The model also provides an alternative to proprietary Earth observation foundation models that generate similar compressed representations of satellite data but do not offer public access to their underlying methods.
Europe’s growing leadership in Earth observation AI
Tessera forms part of a broader European effort to advance artificial intelligence for Earth observation.
The European Space Agency (ESA), through its Φ-lab innovation programme, has supported the development of several foundation models designed to extract insights from satellite data.
Among these are Thor, a multimodal model trained on Sentinel-1, Sentinel-2 and Sentinel-3 data, and TerraMind, a geospatial AI system developed with IBM Research Europe.
Unlike Tessera, which creates annual embeddings that summarise long-term environmental change, both Thor and TerraMind focus on learning from individual observations while preserving detailed spatial information.
TerraMind also introduces cross-modal reasoning capabilities by combining satellite imagery with land-use data, elevation information and geographic context. This enables more sophisticated interactions with Earth system datasets and expands the potential applications of geospatial AI.
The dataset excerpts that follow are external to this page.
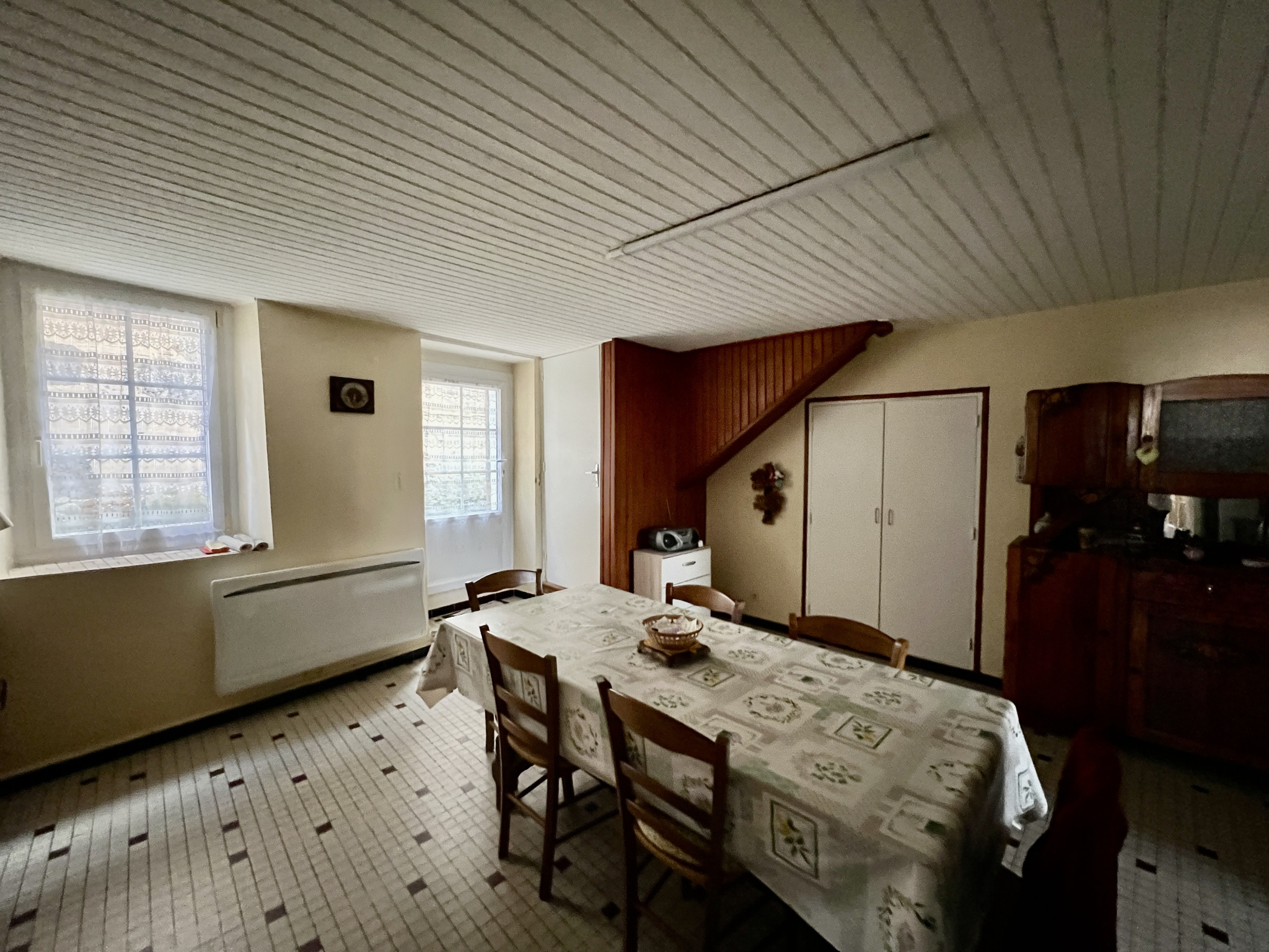 Située au coeur du centre ville du Mas d'Agenais 47430, maison de ville mitoyenne d'un côté comprenant au rez-de-chaussée cuisine, salon-séjour, cellier, salle de bains et WC, et au premier étage, deux chambres.
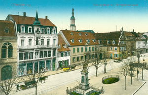 - Offenburg, Historische Postkarte, Marktplatz mit Kriegerdenkmal, 1900
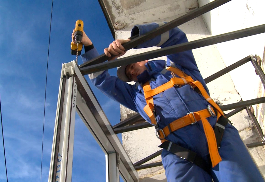 La estructura se fija desde abajo a la barandilla y desde arriba a la losa del techo mediante placas de anclaje. A continuación, se sellan las juntas de la estructura que linda con las barandillas, el techo y la pared con espuma de poliuretano. Los espacios están cubiertos con cinta de montaje para evitar la entrada de humedad y la condensación. Después de instalar el marco, el acristalamiento vuelve a su lugar y las hojas se cuelgan de las bisagras.
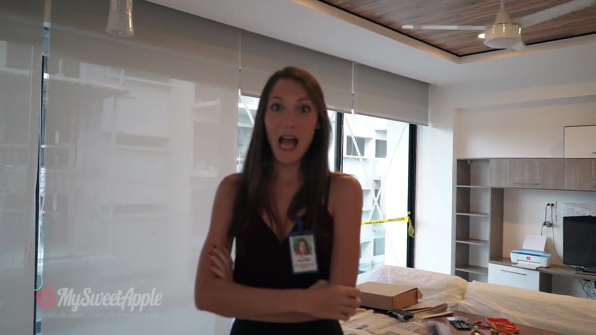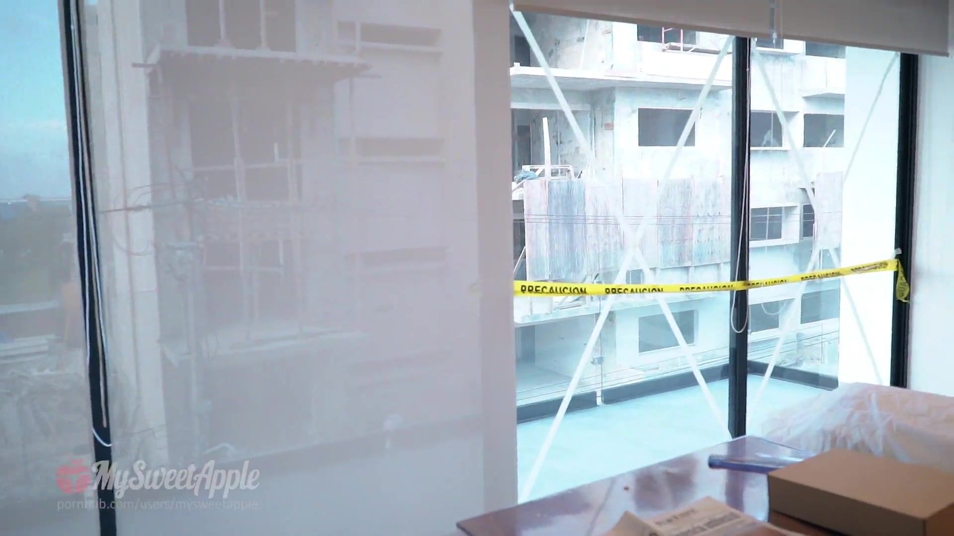 Молоденькая шатенка MySweetApple, отсосала хуй у работяги и трахалась с ним в квартире, где он делал ремонт.
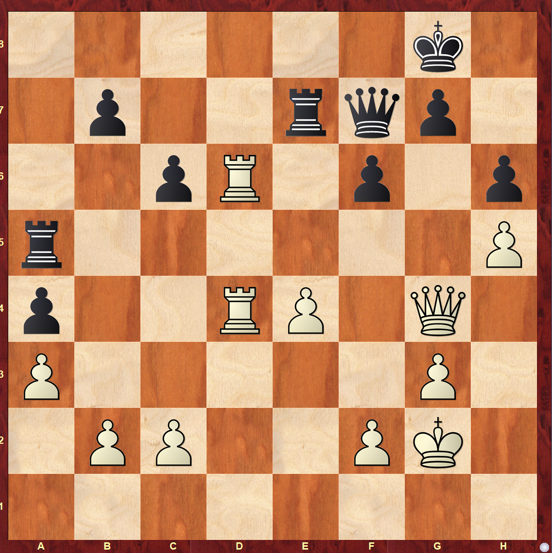 Samedi 21, nous avons analysé quelques finales pratiques, en insistant sur l'importance des pions passés, de l'activité du roi et de la bonne connaissance des finales théoriques (Philidor, Lucena ...). La position ci-dessous (cliquer sur le titre), tirée d'une partie Svane-Sargsyan 2025 illustre le thème des pions passés. Les B ont gagné après 1 Dg6! Dxg6 2 hxg6 Rf8 3 Td8+ Te8 4 T4d7! Txd8+ 5 Txd8 Re7 6 Tg8! Tb5 7 Txg7+ Rf8 8 Tf7+ Rg8 9 Txf6 Rg7 10 Td6 Txb2 11 f4! Txc2+ 12 Rh3 Te2 13 e5 h5 14 g4! (14 f5 était plus simple) Te4 15 Rg3 h4+ 16 Rxh4 Txf4 17 Rg5 Tf3 18 Td7+ Rg8 19 e6 Te3 20 e7 1-0
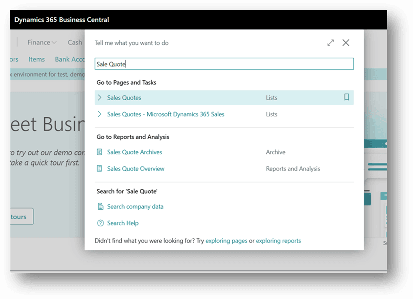 - Click the Search button or press Alt + Q on the application bar, type Sales Quotes, and then choose the related link.
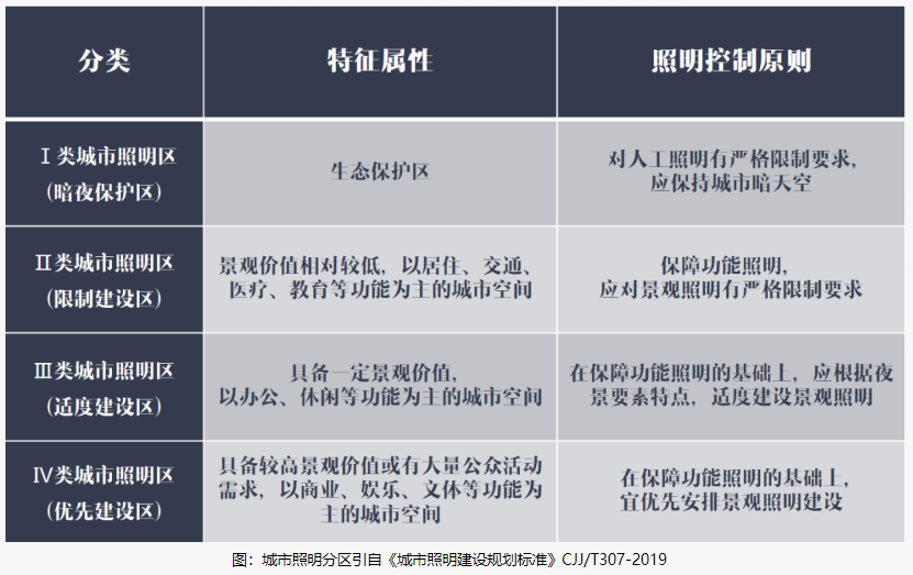 《標(biāo)準(zhǔn)》要求進(jìn)行“四區(qū)劃定”(即劃定暗夜保護(hù)區(qū)、限制建設(shè)區(qū)、適度建設(shè)區(qū)及優(yōu)先建設(shè)區(qū)),以落實(shí)城市夜間的生態(tài)保護(hù),并有效控制城市照明的建設(shè)規(guī)模和建設(shè)強(qiáng)度,避免過度建設(shè)引發(fā)城市生態(tài)事故,干擾公眾夜間正常生活,增加城市能源消耗,加重政府財(cái)政負(fù)擔(dān)。
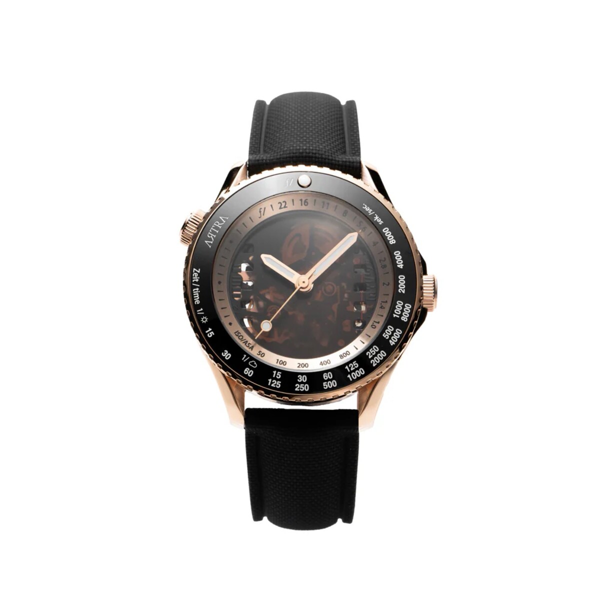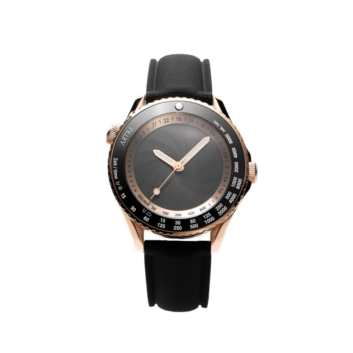 Cuando se abre la abertura, se revela una esfera parcialmente transparente, diseñada para parecerse a una película de 35 mm. La transparencia permite ver el movimiento en su interior, mientras que una ventana en la parte trasera del reloj ofrece una mejor visión del mecanismo. Las marcas de apertura de f/1,0 a f/16 aparecen en el lado izquierdo de la caja, mientras que el bisel está marcado con números que indican la velocidad de obturación y el ISO de la película.
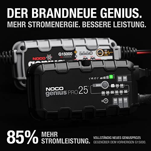 Produktbeschreibung: NOCO GENIUSPRO25: 25A 6V/12V/24V Profi-Batterieladegerät – Intelligenter Erhaltungslader, Entsulfator & Netzteil mit Überladeschutz & Temperaturkompensation – Für Blei- & Lithiumbatterien
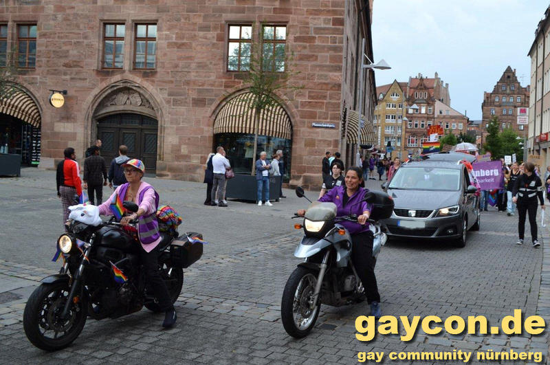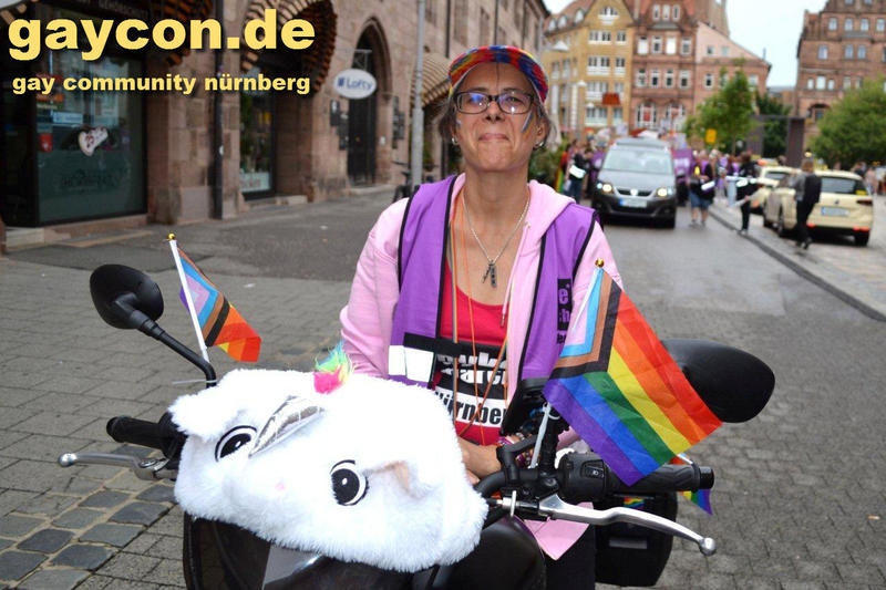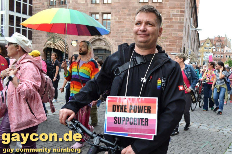Die inzwischen genehmigte Demo Route startet am dritten August um 18:00 Uhr direkt vor dem Opernhaus. Nach einem kurzen Stück auf dem Frauentorgraben biegen sie am Sterntor in die Grasersgasse ab, auf direktem Weg in die Altstadt. Beim Kornmarkt wird es einen kurzen Abstecher in die Straße der Menschenrechte geben. Danach geht es über die Dr.-Kurt-Schumacher-Straße zum Jakobsplatz. Von dort gibt es einen Schwenk zum Weißen Turm in die Fußgängerzone. Über die Karolinenstraße geht es zur Lorenzkirche, dort endet der Marsch. Angeführt wird die Demo von „Dykes on Bikes“, allerdings nur bis zum Jakobsplatz, weil in der Fußgängerzone nicht gefahren werden darf. „Als eine einzige große Gruppe, als loser Zusammenschluss, wird bei der Demo gelaufen. Selbstverständlich können sich die Teilnehmerinnen dabei als ihre eigene (Stammtisch-) Gruppe erkennbar zeigen, aber es ist keine Anmeldung wie bei der CSD-Demo nötig. Wir rechnen mit hundert bis zweihundert Frauen“, meint Sandra. „Wünschen würde ich mir vierhundert Dykes. Das wäre eine tolle Größe“, wirft selbstbewusst Conny ein. „Wir sind die Strecke abgelaufen und haben die daran liegenden Geschäfte informiert. Die Idee stammte vom Vernetzungstreffen im Frühjahr. Wir haben zu 85 Prozent positive Erfahrungen erlebt. Alle fanden das toll, und waren überrascht, weil sie noch nie zuvor bei einer geplanten Demo vorher informiert wurden“, berichtet das Orga-Team. „Wir werden auch als Sisterhood Fußgruppe zusammen mit den Dykes on Bikes bei der CSD-Nürnberg-Demo mitmachen. Es ist schön, dass der Kontakt mit dem Nürnberger CSD Förderverein richtig gut klappt. Zum dyke*march sind alle aufgerufen, die sich als Lesben* definieren und solidarisch sehen. Gerne können sich die Teilnehmerinnen aktiv und kreativ an der Demonstration beteiligen, sei es mit Transparenten, Musikinstrumenten, Kostümen oder was ihnen sonst noch so einfällt. Wir wünschen uns eine laute und bunte Demo und eine Nürnberger Innenstadt voll mit fröhlich feiernden Lesben und ihren Freund*innen“. Und, natürlich freuen sich die Dykes* über das Zujubeln und Anfeuern von Menschen jedweden Geschlechts* und Alters. Das Selbstverständnis der Gendervielfalt, die über die üblichen Geschlechterrollen männlich und weiblich hinausgeht, bringen die Organisatorinnen übrigens nicht nur bei dem Wort dyke*march, sondern grundsätzlich mit einem Sternchen bei der Personenbezeichnung zum Ausdruck.
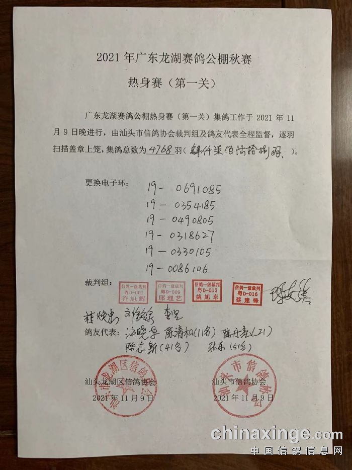 2025广东龙湖赛鸽公棚(第十二届)附加赛(第六关)集鸽清单:3037羽
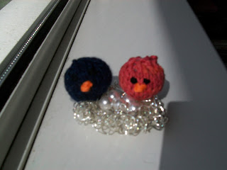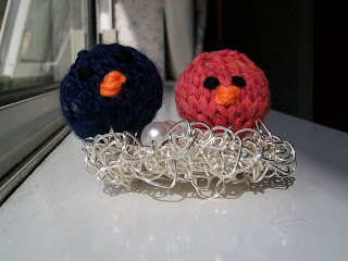 I made this for my parent's thirtieth wedding anniversary. Thirty years is the pearl anniversary, so I wanted some way of incorporating that. The little birds are from Knitting Amigurimi, by Anna Hrachovec.
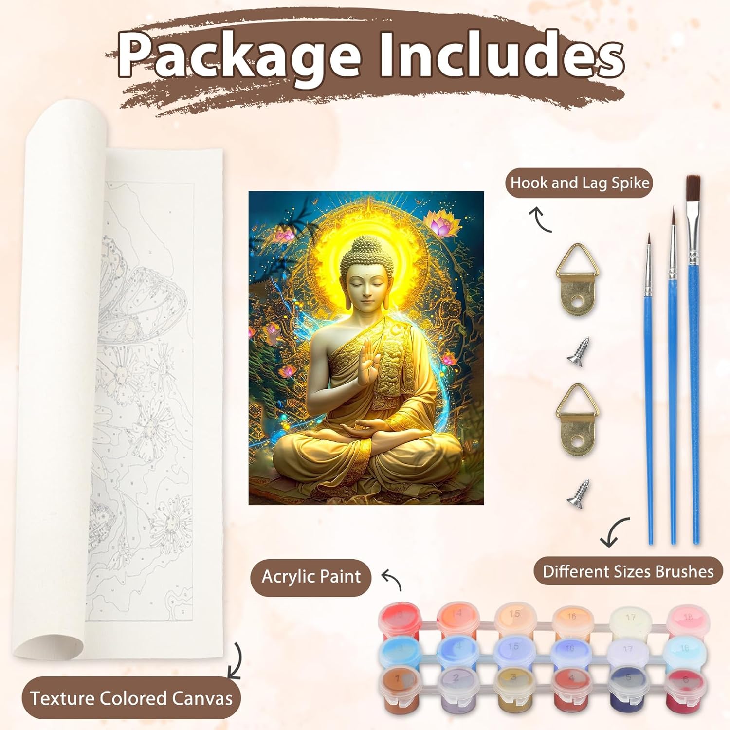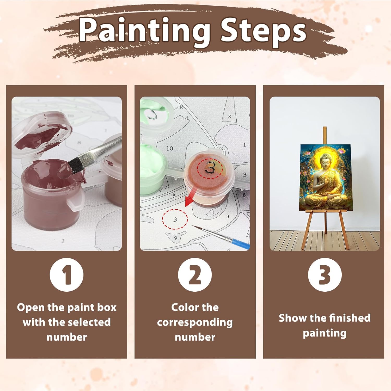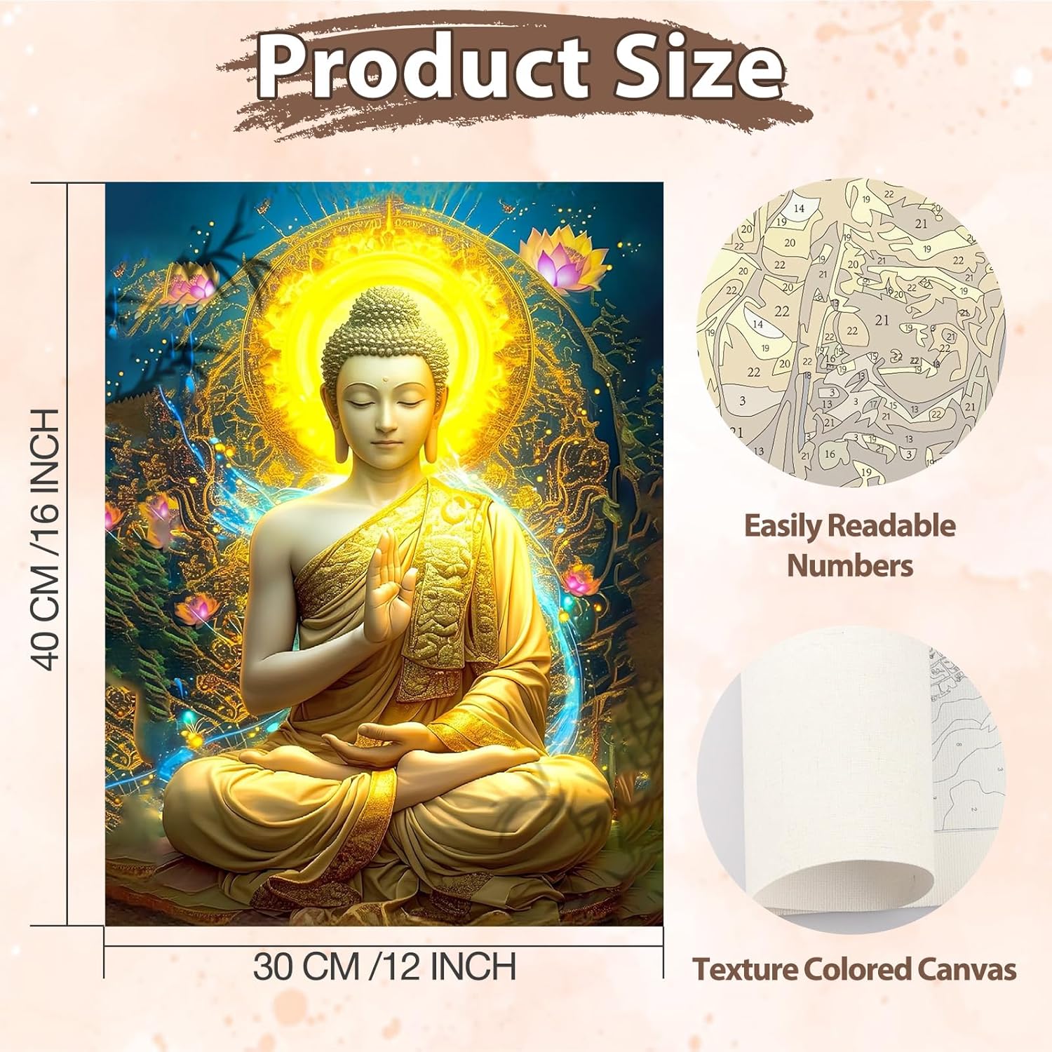KEYIFA Buddha Buddista Dipingere con i Numeri per Adulti, Painting by Numbers Kit con Pennelli e Acrilico Pigmento, Fai da te Olio La Pittura di Numeri Kit, Decora la Casa 30x40cm
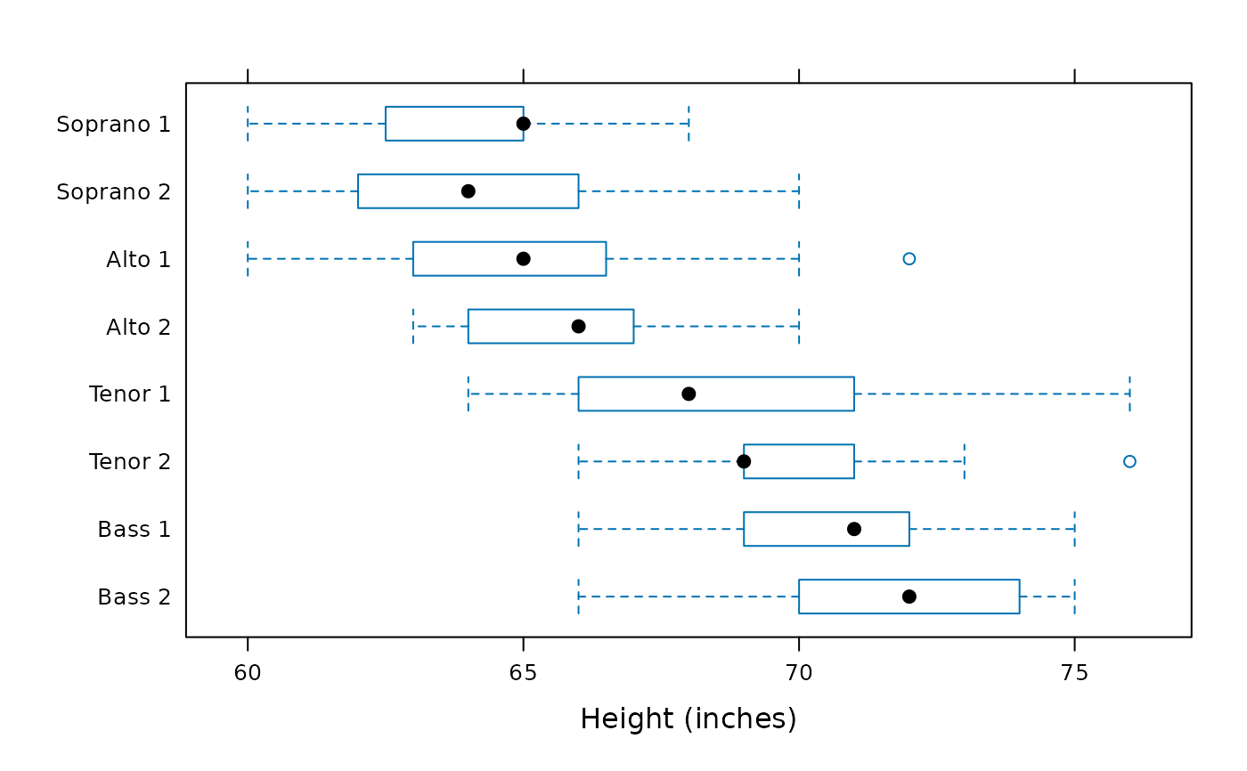 bwplot(voice.part ~ height, data = singer, xlab = "Height (inches)")

Expanding access to global environmental intelligence
The release of the Tessera AI model marks an important development in the evolution of Earth observation technologies.
By converting vast quantities of satellite imagery into compact, information-rich embeddings, the platform makes advanced environmental analysis accessible to a wider research community.
As demand grows for better tools to monitor ecosystems, agriculture, climate impacts and biodiversity, foundation models such as Tessera are helping bridge the gap between raw satellite data and actionable insights.
Its open-source framework, combined with global Earth observation coverage, positions the model as a significant new resource for scientists seeking to understand environmental change at scale.